Unfortunately, the cell line origin of spheroids fails to recapitulate the intra-tumor and inter-tumor heterogeneity observed in vivo. Breast cancer cell lines are difficult to isolate from other cell populations from in situ tumors, and so, the majority of breast cancer cell lines derive from metastatic tumors and pleural effusions, and this leads to a poor representation of less-aggressive tumor subtypes and a loss of inter-tumor heterogeneity [62]. Furthermore, breast cancer cell lines adapt to culture conditions during their establishment, involving the clonal selection of those cells amenable to in vitro growth and the elimination of other less amenable but biologically relevant cell types [62], [96], resulting in a loss of intra-tumor heterogeneity. However, we can address some of these limitations through studies employing organoids, which maintain a similar heterogeneity to their tissue of origin [97].

2.2.2. Breast cancer organoids

Organoids, self-organizing 3D structures that arise from stem cells, possess organ-specific cell types [97] and, importantly, exhibit structural, functional, and molecular similarities to the tissue of origin [99]. Patient-derived organoids can be established from induced pluripotent stem cells (iPSCs) or tissue-resident adult stem cells. Patient-specific organoids derived from iPSCs represent a highly-utile tool for developmental studies; however, reprogramming coupled with differentiation and organoid establishment involves extended time scales, and they have less relevance with regards to cancer modeling [97]. Patient-specific organoids derived from adult stem cells represent a more rapid/easy means to model healthy tissues/organs like mammary tissue, stomach, liver, pancreatic duct, kidney tubule, or prostate. Cancer stem cells (CSCs) within tumor tissues contribute to the development of cancer organoids [99], [100], and the existence of a growing number of organoid biobanks, including 95 available breast cancer organoids [100], has helped to accelerate their experimental application [97]. Moreover, studies have also reported the development of tumor organoids in model animals such as mice, rats, and dogs [99].

Organoids can be in vitro expanded for long periods thanks to the self-renewal capacity of adult/cancer stem cells [99], and, unlike cell lines, they do not suffer from strong selection. Furthermore, they display levels of intratumor heterogeneity comparable to that of the original tumor tissue, as the heterogeneous genetic composition of the tumor is retained over time in organoid cultures [101]. Organoids can also be derived from tumors at distinct stages; therefore, they can recapitulate the diversity of human cancers without bias to high-grade tumors.

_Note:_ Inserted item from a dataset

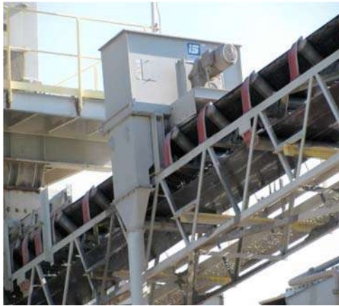
FIG. 2 Automatic Belt Sampler

acceptable for the particular situation. The sampling plan shall define the number of samples necessary to represent lots and sublots of specific sizes. The sampling plan shall also define any specialized site-specific sampling techniques or procedures that are required to ensure unbiased samples for existing conditions. The owner and supplier shall agree upon the use of any specialized site-specific techniques or procedures. When site-specific techniques or procedures are developed for sampling a stockpile, those procedures shall supersede the procedures given in 5.3.3.1. (Note 6). General principles for sampling from stockpiles are applicable to sampling from trucks, rail cars, barges, or other transportation units.

Overall, cancer organoids provide a model system that maintains intra-tumor and inter-tumor heterogeneity and the characteristics (e.g., molecular footprints, histological grade, or differentiation status) of the original tumor. The growth of organoids in growth substrates such as Matrigel, a basement membrane extract, supports cell-ECM interactions. Moreover, the presence of specific growth factors in the culture medium allows the expansion of the epithelial tumor lining but does not support the growth of stromal cells naturally present in the TME. While co-cultures with CAFs and immune cells have been reported, examples remain scarce, perhaps due to a significant increase in technical difficulty and cost [99].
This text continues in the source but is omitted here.